Assuming some_service is configured correctly and currently inactive, the following sequence will help you determine if it is LSB-compatible:

  1. Start (stopped):

    # /etc/init.d/some_service start ; echo "result: $?"
    
    • Did the service start?
    • Did the echo command print result: 0 (in addition to the init script’s usual output)?
  2. Status (running):

    # /etc/init.d/some_service status ; echo "result: $?"
    
    • Did the script accept the command?
    • Did the script indicate the service was running?
    • Did the echo command print result: 0 (in addition to the init script’s usual output)?
  3. Start (running):

    # /etc/init.d/some_service start ; echo "result: $?"
    
    • Is the service still running?
    • Did the echo command print result: 0 (in addition to the init
      script’s usual output)?
  4. Stop (running):

    # /etc/init.d/some_service stop ; echo "result: $?"
    
    • Was the service stopped?
    • Did the echo command print result: 0 (in addition to the init script’s usual output)?
  5. Status (stopped):

    # /etc/init.d/some_service status ; echo "result: $?"
    
    • Did the script accept the command?
    • Did the script indicate the service was not running?
    • Did the echo command print result: 3 (in addition to the init script’s usual output)?
  6. Stop (stopped):

    # /etc/init.d/some_service stop ; echo "result: $?"
    
    • Is the service still stopped?
    • Did the echo command print result: 0 (in addition to the init script’s usual output)?
  7. Status (failed):

    This step is not readily testable and relies on manual inspection of the script.

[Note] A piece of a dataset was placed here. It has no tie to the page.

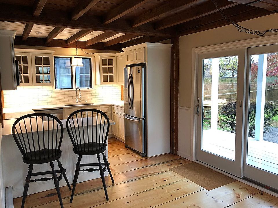 This home has been FULLY renovated and updated! New Roof, renovated Bathrooms and Kitchen. New stainless appliances, Wide pine floors and more. This charming Post & Beam Colonial is located in the North End of Newport near Vernon and Braga Park which includes a ball field, playground, and tennis courts. This quiet family neighborhood is minutes from the beaches, harbor, downtown, and restaurants. It's also close to the Navy Base and Newport Bridge. Built with a unique classic design, the main level has gorgeous wide plank pine floors, centrally located large brick fireplace, eat-in-kitchen with additional dining area, porch off the back with deck, 3rd smaller bedroom which could be used as an office or den, living room, and 2 full baths. The second level consists of two equally sized bedrooms with equal access to an adjoining full bath with tub. The bedroom off the back has a terrific deck large enough for multiple lounge chairs. Both bedrooms have adequate closets with additional storage space in the hallway linen closet and attic. The basement has an inviting finished recreational room, laundry area, and large freezer.
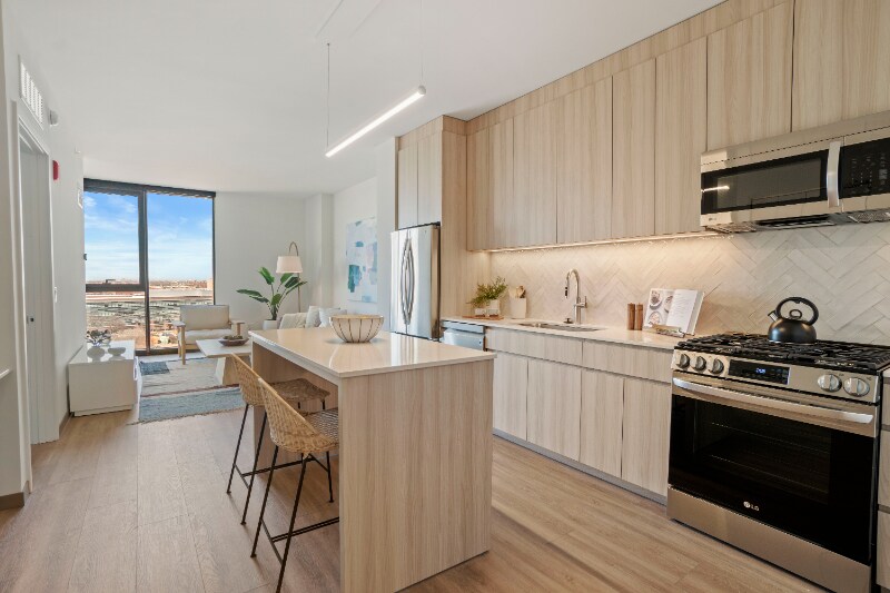 Property Id: 2219694 This 22-floor building has expansive space that is thoughtfully designed to provide you with a living situation that's similar to what you would get from a luxury home. Every unit has a high-end appearance with wood plank flooring throughout, quartz countertops, and LG Stainless steel appliances. One bedroom units all come with kitchen islands or peninsulas. Structural features like floor-to-ceiling windows and high ceilings make an already spacious unit feel even bigger, and the in-unit washers & dryers. When it comes to amenities, these guys know what folks want. Imagine having access to luxury amenities like an indoor and outdoor rooftop lounge, fitness center, and coworking space with individual workstations. They even have a 24-hour concierge, ensuring a balanced lifestyle that's both comfortable and convenient for you. Cats and dogs are accepted throughout. On-site pet spa and large private dog park.

    The script can use one of the error codes (other than 3) listed in the LSB spec to indicate that it is active but failed. This tells the cluster that before moving the resource to another node, it needs to stop it on the existing one first.

If the answer to any of the above questions is no, then the script is not LSB-compliant. Your options are then to either fix the script or write an OCF agent based on the existing script.